» **EXTRACTED ENTRIES**
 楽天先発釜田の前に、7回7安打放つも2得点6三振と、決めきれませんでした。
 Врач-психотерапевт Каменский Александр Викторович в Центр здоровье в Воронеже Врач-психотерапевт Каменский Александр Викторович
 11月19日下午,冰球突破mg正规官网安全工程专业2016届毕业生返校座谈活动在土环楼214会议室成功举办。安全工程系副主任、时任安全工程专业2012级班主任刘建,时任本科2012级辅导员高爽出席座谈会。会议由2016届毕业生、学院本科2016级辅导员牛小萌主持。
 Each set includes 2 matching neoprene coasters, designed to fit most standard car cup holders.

---

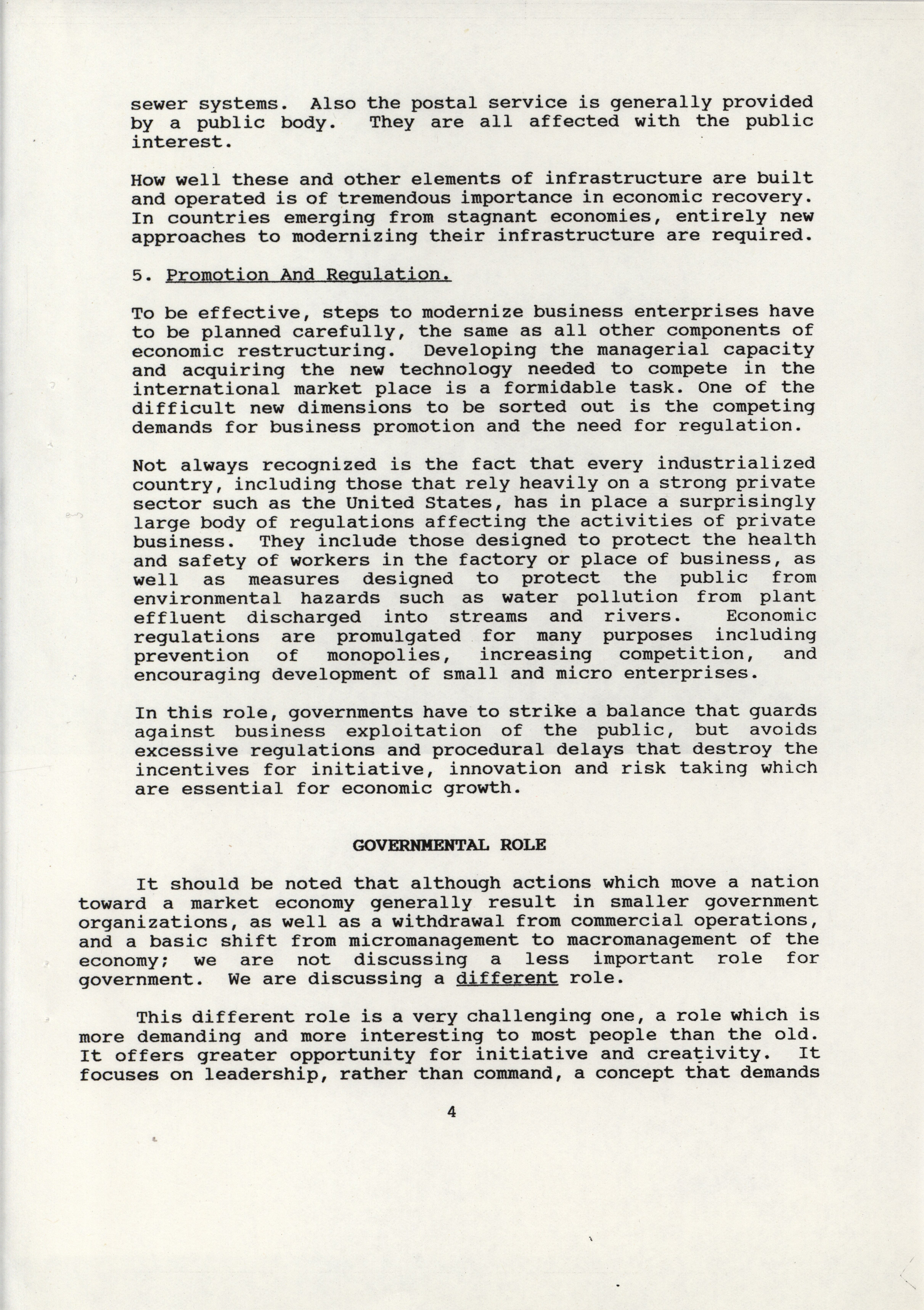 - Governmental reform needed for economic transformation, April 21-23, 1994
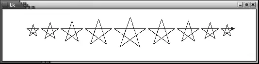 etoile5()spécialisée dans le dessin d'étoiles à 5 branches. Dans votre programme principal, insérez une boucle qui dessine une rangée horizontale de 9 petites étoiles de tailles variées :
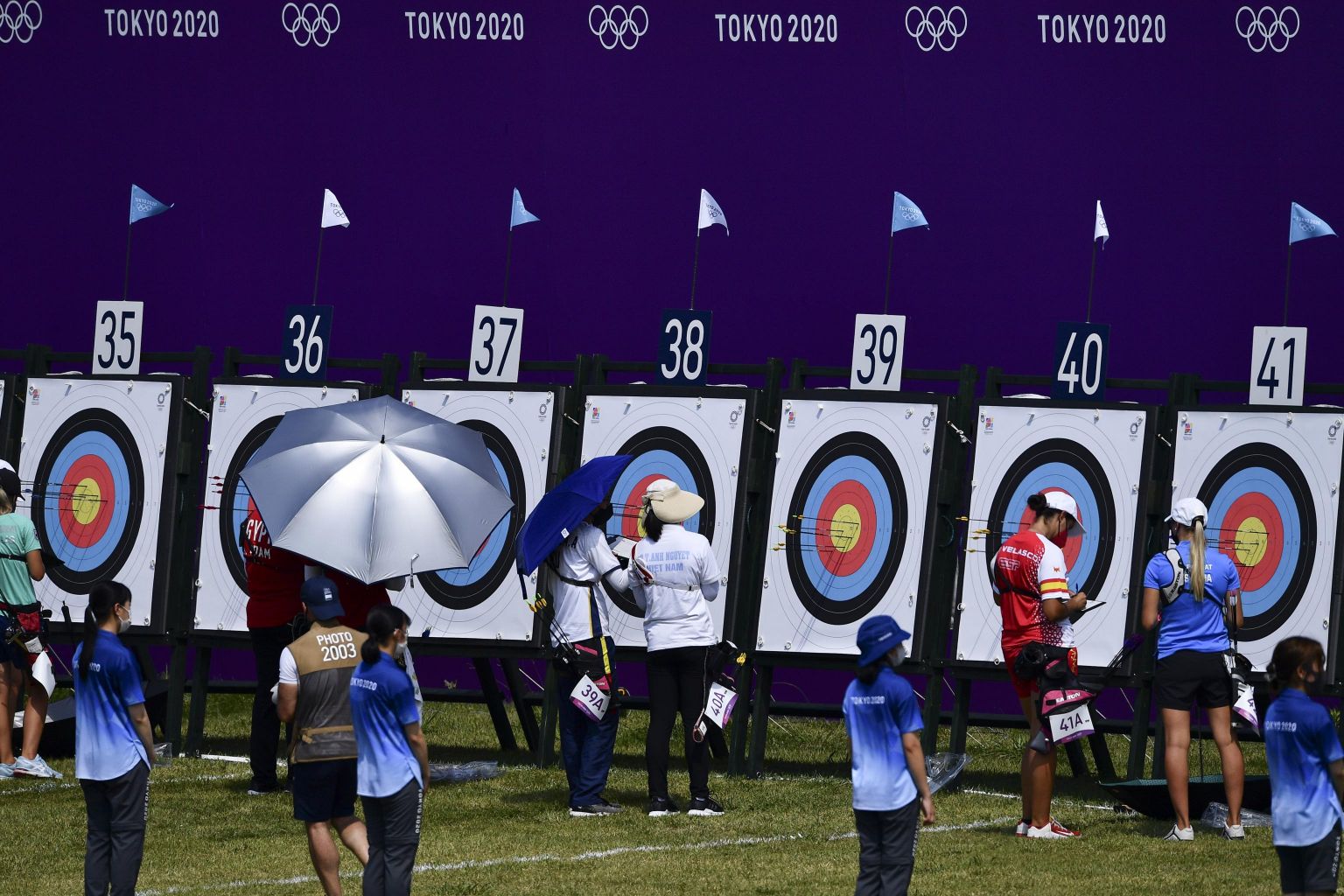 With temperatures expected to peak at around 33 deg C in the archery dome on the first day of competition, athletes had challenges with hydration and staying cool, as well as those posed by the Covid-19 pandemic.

» **EXERCISE BRIEF**
From the data above, output only the lines between the line containing "楽天先発釜田の前に、7回7安打放つも2得点6三振と、決めきれませんでした。" and the line containing "Врач-психотерапевт Каменский Александр Викторович в", inclusive, exactly as written.

» **RESPONSE FOR THIS EXERCISE**
 楽天先発釜田の前に、7回7安打放つも2得点6三振と、決めきれませんでした。
 Врач-психотерапевт Каменский Александр Викторович в Центр здоровье в Воронеже Врач-психотерапевт Каменский Александр Викторович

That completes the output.